> _YOUR TASK_
Copy word for word the lines in the records below, starting at the line with "Det går i rotasjon" and ending at the line with "45RCA1226 RCA /00080". Skip the pictures.
** SOURCE MATERIAL follows **
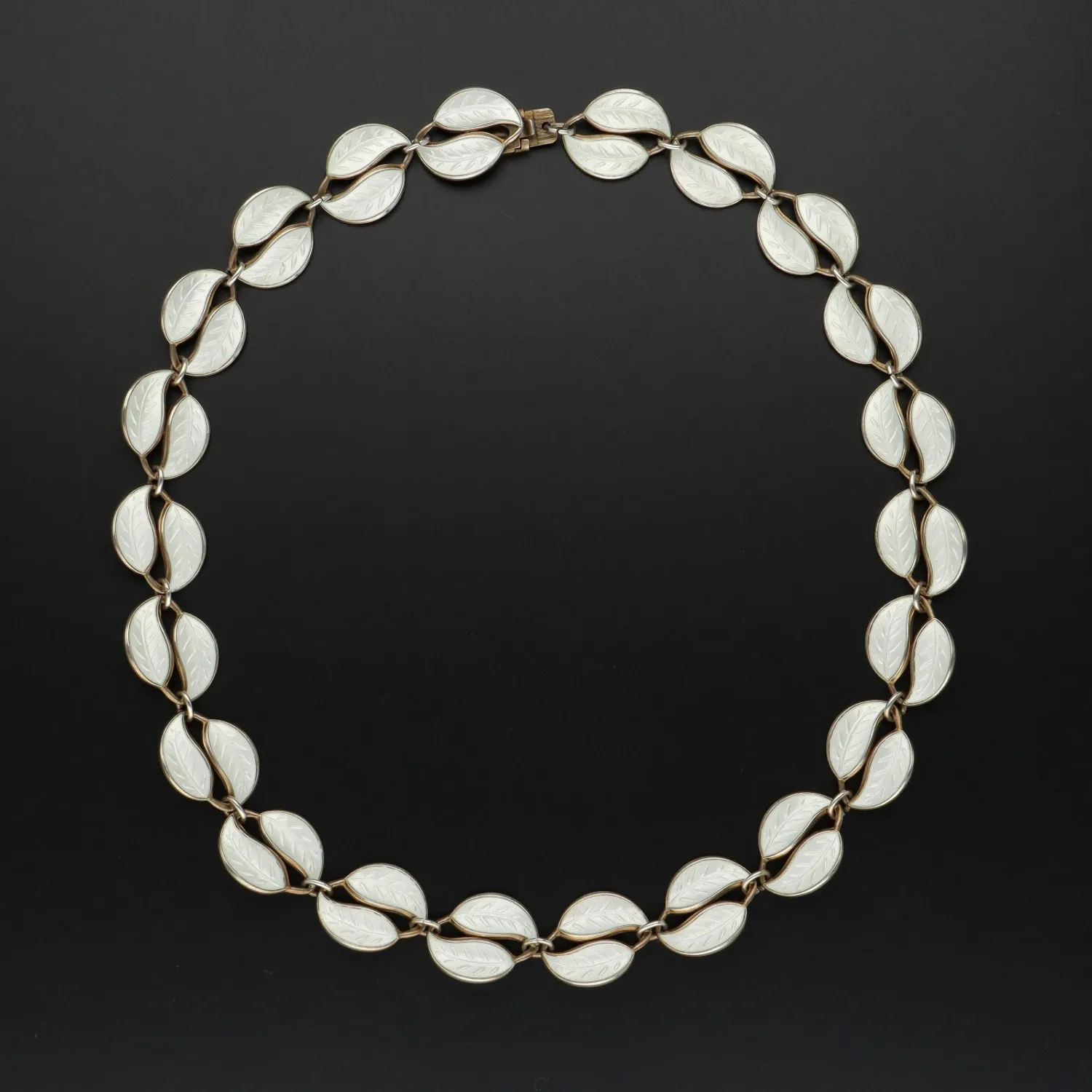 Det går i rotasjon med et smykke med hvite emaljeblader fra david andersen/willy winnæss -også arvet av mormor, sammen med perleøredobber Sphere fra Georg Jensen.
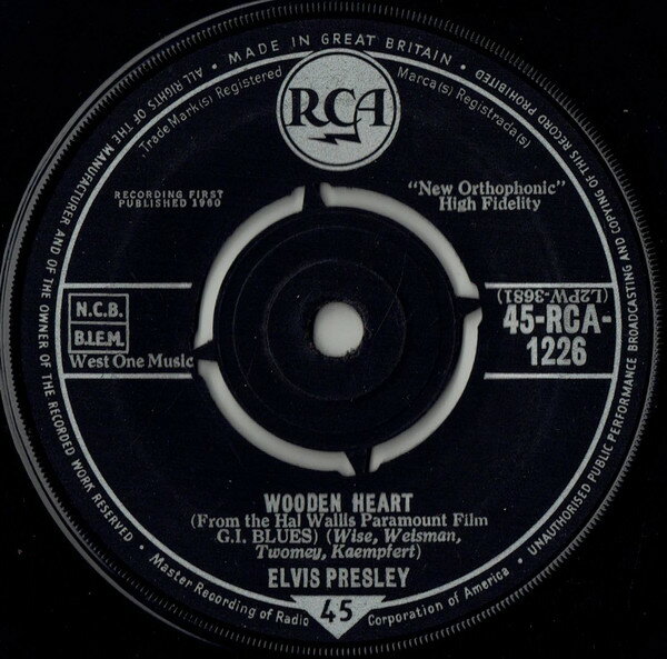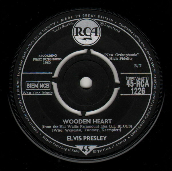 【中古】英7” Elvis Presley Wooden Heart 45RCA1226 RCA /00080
** End of SOURCE MATERIAL **
** SOURCE MATERIAL follows **
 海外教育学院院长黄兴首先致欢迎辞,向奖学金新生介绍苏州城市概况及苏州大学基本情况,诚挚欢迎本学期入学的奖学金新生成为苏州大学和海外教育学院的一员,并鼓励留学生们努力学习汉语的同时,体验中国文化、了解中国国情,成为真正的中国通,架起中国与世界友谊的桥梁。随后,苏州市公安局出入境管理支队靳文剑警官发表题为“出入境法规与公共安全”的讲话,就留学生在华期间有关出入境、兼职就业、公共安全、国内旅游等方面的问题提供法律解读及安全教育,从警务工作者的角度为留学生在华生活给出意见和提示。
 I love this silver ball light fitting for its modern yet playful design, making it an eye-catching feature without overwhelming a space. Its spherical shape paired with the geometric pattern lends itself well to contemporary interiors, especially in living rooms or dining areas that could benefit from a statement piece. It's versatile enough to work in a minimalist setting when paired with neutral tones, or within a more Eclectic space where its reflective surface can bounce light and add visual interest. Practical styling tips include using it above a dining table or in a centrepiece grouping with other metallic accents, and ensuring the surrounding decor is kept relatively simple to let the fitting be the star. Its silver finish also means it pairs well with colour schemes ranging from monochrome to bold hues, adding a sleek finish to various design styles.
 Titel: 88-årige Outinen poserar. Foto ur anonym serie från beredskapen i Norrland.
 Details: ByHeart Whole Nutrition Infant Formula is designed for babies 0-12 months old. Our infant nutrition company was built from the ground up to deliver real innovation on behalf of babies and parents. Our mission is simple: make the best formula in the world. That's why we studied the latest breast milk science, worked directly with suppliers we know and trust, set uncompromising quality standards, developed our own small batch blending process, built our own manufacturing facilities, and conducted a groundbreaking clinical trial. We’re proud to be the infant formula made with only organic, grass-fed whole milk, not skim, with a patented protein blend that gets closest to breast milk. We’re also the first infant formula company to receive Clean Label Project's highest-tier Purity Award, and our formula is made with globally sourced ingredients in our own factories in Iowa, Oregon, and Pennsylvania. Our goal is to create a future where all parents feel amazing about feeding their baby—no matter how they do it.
** End of SOURCE MATERIAL **
** SOURCE MATERIAL follows **
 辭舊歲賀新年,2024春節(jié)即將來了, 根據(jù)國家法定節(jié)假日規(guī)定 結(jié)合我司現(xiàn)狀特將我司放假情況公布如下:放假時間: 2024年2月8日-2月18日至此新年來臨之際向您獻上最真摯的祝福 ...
** End of SOURCE MATERIAL **
> _EXERCISE SOLUTION_
 Det går i rotasjon med et smykke med hvite emaljeblader fra david andersen/willy winnæss -også arvet av mormor, sammen med perleøredobber Sphere fra Georg Jensen.
 【中古】英7” Elvis Presley Wooden Heart 45RCA1226 RCA /00080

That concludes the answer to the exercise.